On October 6, 1923 renowned astronomer Edwin Hubble discovered a pulsating star in the Andromeda Galaxy which quickly led to the revolutionary discovery that M31 is a galaxy unto itself 2.5 million light-years away, and not a gaseous cloud of stars within our own Milky Way...
I've begun the process of capturing data points in an effort to construct the star's light curve. I was hoping to use my lowly 71mm f/5.9 refractor and Bortle 5 skies but alas it is not feasible according to my calculations. At minimum light (magnitude 19.8) the required integration time would take days to complete.

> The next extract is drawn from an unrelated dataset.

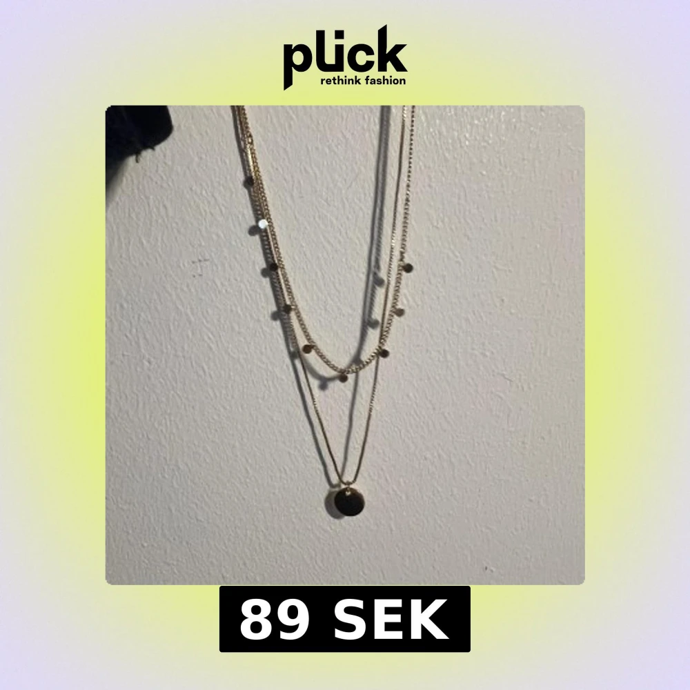 Elegant guldigt halsband med dubbla kedjor och små runda plattor. Det nedre lagret har ett runt hängsmycke som ger en stilren look. Perfekt för att lägga till en touch av elegans till din outfit.

I turned to Pier 12 for help, an RC Optical Systems (RCOS) 12.5-inch Ritchey-Cretien. Last night I grabbed a one-hour time slot and captured 12x 5-minute subs. According to my calculations the 60-minute stack would have yielded a good signal-to-noise ratio. Unfortunately M31 was not high enough in the sky to yield that kind of quality so I discarded 10 of the 12 subs, and stacked the remaining two for a total integration time of only 10 minutes.

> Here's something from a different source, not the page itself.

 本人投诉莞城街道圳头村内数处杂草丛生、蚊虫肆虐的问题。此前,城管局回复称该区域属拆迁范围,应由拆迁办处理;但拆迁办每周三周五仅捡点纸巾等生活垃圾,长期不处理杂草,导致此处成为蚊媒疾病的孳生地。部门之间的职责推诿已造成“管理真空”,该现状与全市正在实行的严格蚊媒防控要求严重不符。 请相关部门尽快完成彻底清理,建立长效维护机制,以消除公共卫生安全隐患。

The screenshot below is from a program called AstroImageJ (AIJ). I use it for all photometry and exoplanet work. There is one green bulls-eye and two red ones. The red "apertures" are known constant brightness comparison stars: C2 is magnitude 15.522 and C3 is magnitude 16.01. The green aperture I placed on top of Edwin Hubble's variable star. You can see from the screenshot that AIJ calculated the magnitude as 19.168. Just now I looked at an ephemeris and see that the magnitude was expected to be around 19.2. So it works!

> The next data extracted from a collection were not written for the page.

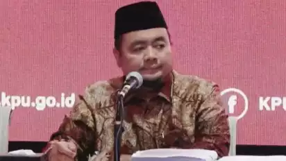 Anggota KPU RI, Mochammad Afifuddin dalam Rapat PlenoRekapitulasi Hasil Penghitungan Perolehan Suara Tingkat Nasional.
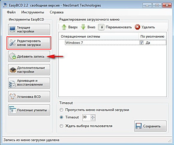 как видим в диспетчере загрузки одна операционная система Windows 7, нажимаем «Добавить запись».
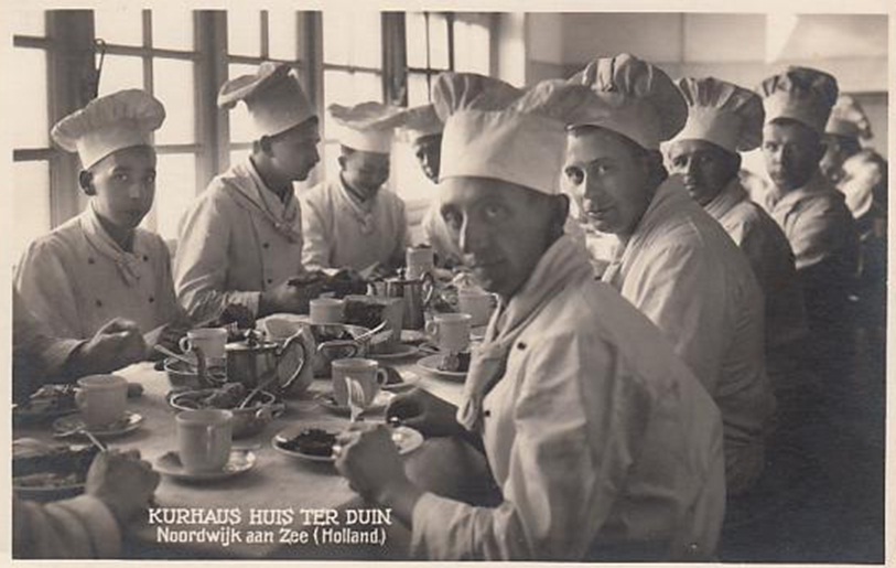 witte keukenbrigade …echte koks met franse communicatie en echt alles bereiden geen instant en blikjes en zakjes…toen nog echt vak,..de chefkok was de patroon dictator…ter plaatse,..hoor ze nog schreeuwen uit de hotels keuken fifties toen de elite er was…woonde achter noordzee …keuken,..als je door dorp liep had je bij hollander en hoek …landbouw…palace en zeeleeuw en seinpost zo een keuken discipline waar de chefkok aan t hoof tafel zit en links de koksmaatjes en rechts de sous chefs…bij noordzee had je beke die hoorde drie straten verder en bij palace herwaarden die gooide als die kwaad was en bij landbouw stevens die gaf franse knopen..en bij de zeeleeuw hulscher de vuurvreter dat was wat …zat wel eens eens een kok maatje over strand achterna..mooie tijden onder druk werkte ze net als ramsey …zo druk was t…alles tegelijk..de chef was de baas ook de eigenaar had niks te zeggen…koud en warme buffetten ..pasteitje of gebraden eend of aan rt spit …alles kon bij de sjiek en de champagne feesten..mn broertje en ik levere de flessen in,…
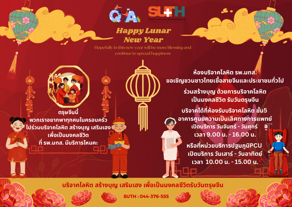 ตรุษจีนนี้ เปิดรับสิ่งใหม่ๆ เพิ่มความก้าวหน้าให้กับชีวิต เชิญชวนท่านที่มีสุขภาพแข็งแรง กายพร้อม ใจพร้อม ร่วมบริจาคโลหิต สร้างบุญสร้างกุศลใหญ่ให้แก่ตัวเอง เสริมความปัง เสริมบุญไปให้สุด
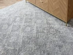 Our Romi Floor Rug – Extra Large – Grey is a tufted, extra-large floor rug perfect for large living spaces of your home. Crafted from quality materials, this rug features a soft and textural feel underfoot and will bring a layer of comfort to your floors. With a generous 200cm x 300cm size, this rug is ideal for the bedroom, dining room, lounge room and other living spaces in your home. We love the subtle tribal- inspired diamond pattern in blended shades of white and grey for a modern, elegant look.
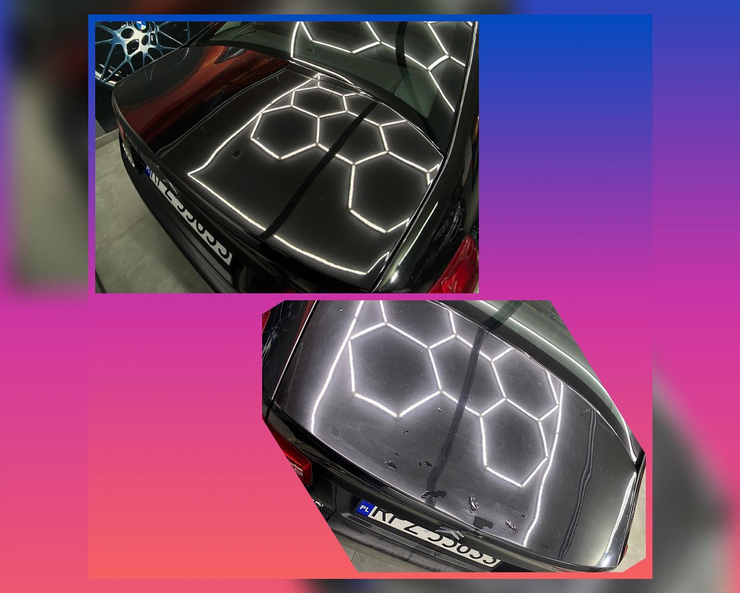 Na początku wykonaliśmy dokładne mycie dwuetapowe aby zmyć brud, odtluscilismy cały samochód i przeszliśmy do polerowania element po elemencie, następnie nałożyliśmy wosk, dzięki czemu samochód będzie można umyć z łatwością a pył i nieczystości z dróg nie będą się tak łatwo utwierdzać na lakierze!

This is pretty amazing considering only 10 minutes integration time but the sad part is the accuracy is not very good. AIJ computed the error to be 0.155 magnitudes. Well, I wouldn't say that is unusable but I know I can do better. What's worse is that the star at minimum light of 19.8 may not even be detectable with only 10 minutes integration time. Thankfully, M31 grows higher in the sky with each passing night so it is increasingly possible to obtain better quality data. The first frame of last night's data was captured at only 34 degrees above the horizon, and the last frame at 46 degrees. The frame quality increased as time went on.